■ DATA SUPPLIED

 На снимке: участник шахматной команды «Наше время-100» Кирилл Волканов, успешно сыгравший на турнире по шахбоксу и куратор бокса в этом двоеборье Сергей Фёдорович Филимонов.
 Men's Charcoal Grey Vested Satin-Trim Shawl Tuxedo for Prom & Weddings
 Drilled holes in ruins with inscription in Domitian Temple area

==

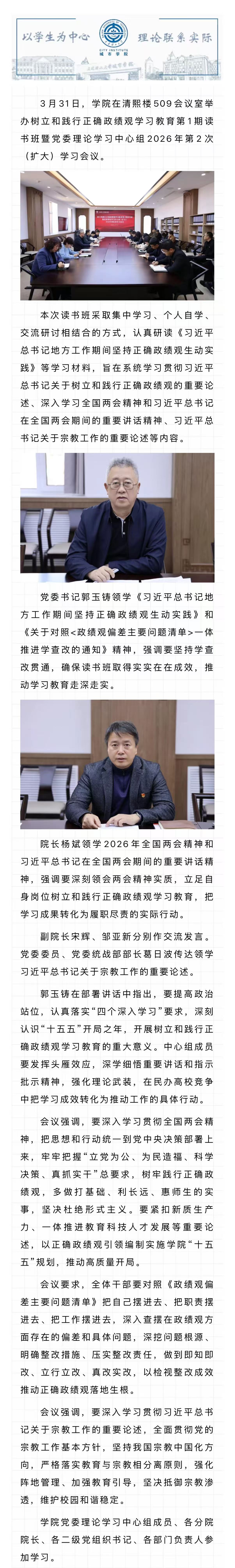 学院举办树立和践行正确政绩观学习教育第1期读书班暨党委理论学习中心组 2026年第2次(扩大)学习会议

---

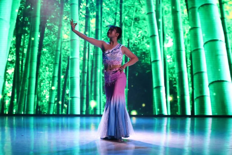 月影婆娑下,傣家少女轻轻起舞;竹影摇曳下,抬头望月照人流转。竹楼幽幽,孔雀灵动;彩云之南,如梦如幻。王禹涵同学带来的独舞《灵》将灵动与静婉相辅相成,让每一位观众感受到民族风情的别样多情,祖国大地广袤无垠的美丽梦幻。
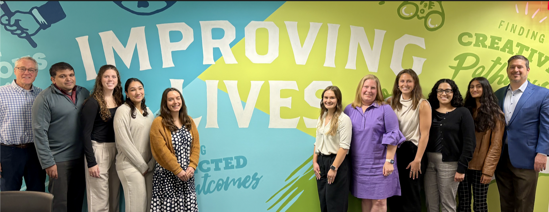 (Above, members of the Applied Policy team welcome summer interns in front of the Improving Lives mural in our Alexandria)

■ WORK REQUEST
Copy out the lines above from the line containing "月影婆娑下,傣家少女轻轻起舞" through the line containing "(Above, members of", exactly, and keep the pictures out.

■ ANSWER TO THE PROBLEM
 月影婆娑下,傣家少女轻轻起舞;竹影摇曳下,抬头望月照人流转。竹楼幽幽,孔雀灵动;彩云之南,如梦如幻。王禹涵同学带来的独舞《灵》将灵动与静婉相辅相成,让每一位观众感受到民族风情的别样多情,祖国大地广袤无垠的美丽梦幻。
 (Above, members of the Applied Policy team welcome summer interns in front of the Improving Lives mural in our Alexandria)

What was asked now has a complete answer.